De outro lado, a ampliação dos processos estruturais traz consigo desafios significativos. Em primeiro lugar, há o risco de hipertrofia judicial, com o STF assumindo papel de gestor de políticas públicas em detrimento da autonomia dos Poderes Executivo e Legislativo. Para evitar essa distorção, é fundamental que a ação judicial se adapte às contingências para alcançar o estado de coisas ideal pretendido e que o tribunal atue como catalisador do diálogo, e não como formulador exclusivo das políticas.

Nesse ponto, a atuação técnica e prudente da Advocacia Pública é decisiva. Ela funciona como garantia de racionalidade institucional, lembrando que a efetividade de um direito não se alcança com a mera imposição judicial de condutas, mas com a compatibilização de valores constitucionais e limites materiais do Estado.

Outro desafio é a necessidade de capacitação continuada dos advogados públicos em temas como governança pública, análise de políticas públicas, orçamento e indicadores de impacto social. O domínio desses instrumentos é indispensável para que a atuação nos processos estruturais seja estratégica e tecnicamente robusta.

Por outro lado, há também uma oportunidade de fortalecimento institucional. Ao participar da construção de soluções, a Advocacia Pública reforça sua identidade como órgão de Estado e não de governo, consolidando sua imagem perante o STF e a sociedade como agente de equilíbrio entre legalidade e efetividade.

O avanço dos processos estruturais revela uma transformação profunda no modo de se compreender o papel da Justiça Constitucional. Já não se trata apenas de controlar excessos, mas de corrigir déficits estruturais que perpetuam violações de direitos fundamentais. Essa nova fase do constitucionalismo brasileiro — marcada por decisões progressivas, planos de ação e monitoramento judicial — exige uma Advocacia Pública mais proativa, capaz de transitar entre o jurídico e o técnico, entre o normativo e o empírico.

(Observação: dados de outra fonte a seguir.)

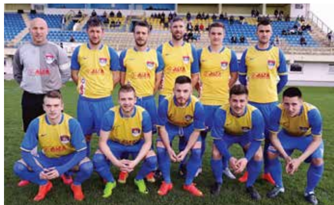
ФК „Модрича – Алфа“ – прволигаш Републике Српске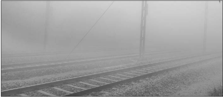
श्रीमाधोपुर में कोहरा छाने से रेल यातायात प्रभावित रहा।

श्रीमाधोपुर, (निसं)। कस्बा श्रीमाधोपुर सहित आसपास के ग्रामीण इलाके में लगातार तीसरे दिन भी शीतलहर व कोहरा जारी रहा जिससे आमजन को कठिनाईयों का सामना करना पड़ा। सर्दी का प्रकोप छाया हुआ है। तीसरे दिने यह कोहरा सर्दी का पहला कोहरा देखने को मिला है। लगातार चल रही सर्द हवाओं तथा पाले के गिरने से सर्दी में बढ़ोतरी हुई है। रविवार सुबह 10 तक कस्बे सहित आसपास का ग्रामीण आंचल क्षेत्र कोहरे के आगोश में लिपटा हुआ नजर आया। वहीं सड़क पर चलने वाले वाहनों को हार्न देकर चलाना पड़ रहा था वहीं आम रास्तों से भी ज्यादा खेतों में कोहरा इतना छाया कि महज 10 मीटर की दूरी पर भी कुछ भी दिखाई देना संभव नहीं था। वाहन चालकों को अपने वाहनों के हेड लाइट जलाकर ही आगे निकलना संभव हो रहा था। वहीं रेलगाड़ी भी धीमी गति से चलती नजर आ रही थी।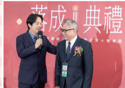
↑ 副總統賴清德致詞時勉勵藥師的辛勞。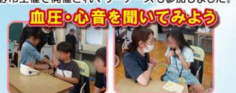
血圧・心音を聞いてみよう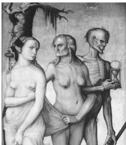
Les Trois Âges et la mort (1510) H.Baldung (détail)

Citons rapidement, en outre, les influences artistiques qui les inspirent et qui dépassent facilement des limites culturelles souvent très perméables. Crialese, par exemple, utilise une série de techniques cinématographiques issues de ses formations italienne et américaine : sa filmographie peut être considérée comme un "pont cinématographique" symbolique entre Europe et États-Unis 469 . Lors de leur séjour forcé sur Ellis Island, trois des personnages féminins de Golden Door sont filmés lentement de face à deux reprises: ayant trois âges différents, ces images nous rappellent le tableau Les Trois Âges et la mort (1510) de Hans Baldung, mais également une version féminine de Les Trois Âges de l'Homme (1500-1) de Giorgione.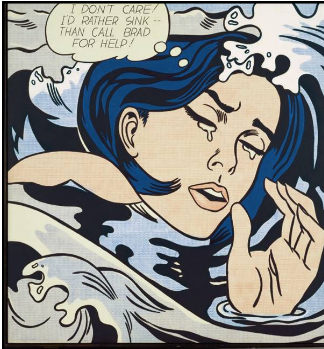
FIGUUR 7a: Roy Lichtenstein, Drowning girl (Verdrinkende meisie) , akriëlverf op doek, 1963.

A advogada pública do século XXI não pode ser apenas a guardiã da legalidade formal; deve ser a intérprete pragmática do interesse público, aquela que compreende que a boa defesa do Estado é também a defesa de soluções efetivas e sustentáveis para a sociedade.

Em suma, pode-se dizer que o crescimento dos processos estruturais no STF não é um fenômeno isolado, mas parte de uma tendência global de judicialização dialógica das políticas públicas. Ele reflete a maturidade de um sistema jurídico que reconhece que os grandes problemas do Estado contemporâneo — desigualdade, exclusão, ineficiência — não se resolvem com decisões unilaterais, mas com arranjos institucionais cooperativos.

Nesse cenário, a Advocacia Pública emerge como protagonista indispensável. Cabe-lhe traduzir a complexidade da máquina estatal para o linguajar jurídico, construir pontes entre a decisão judicial e a política pública, e assegurar que o ideal de efetividade não se converta em paralisia administrativa, tendo como farol a defesa do Estado Constitucional.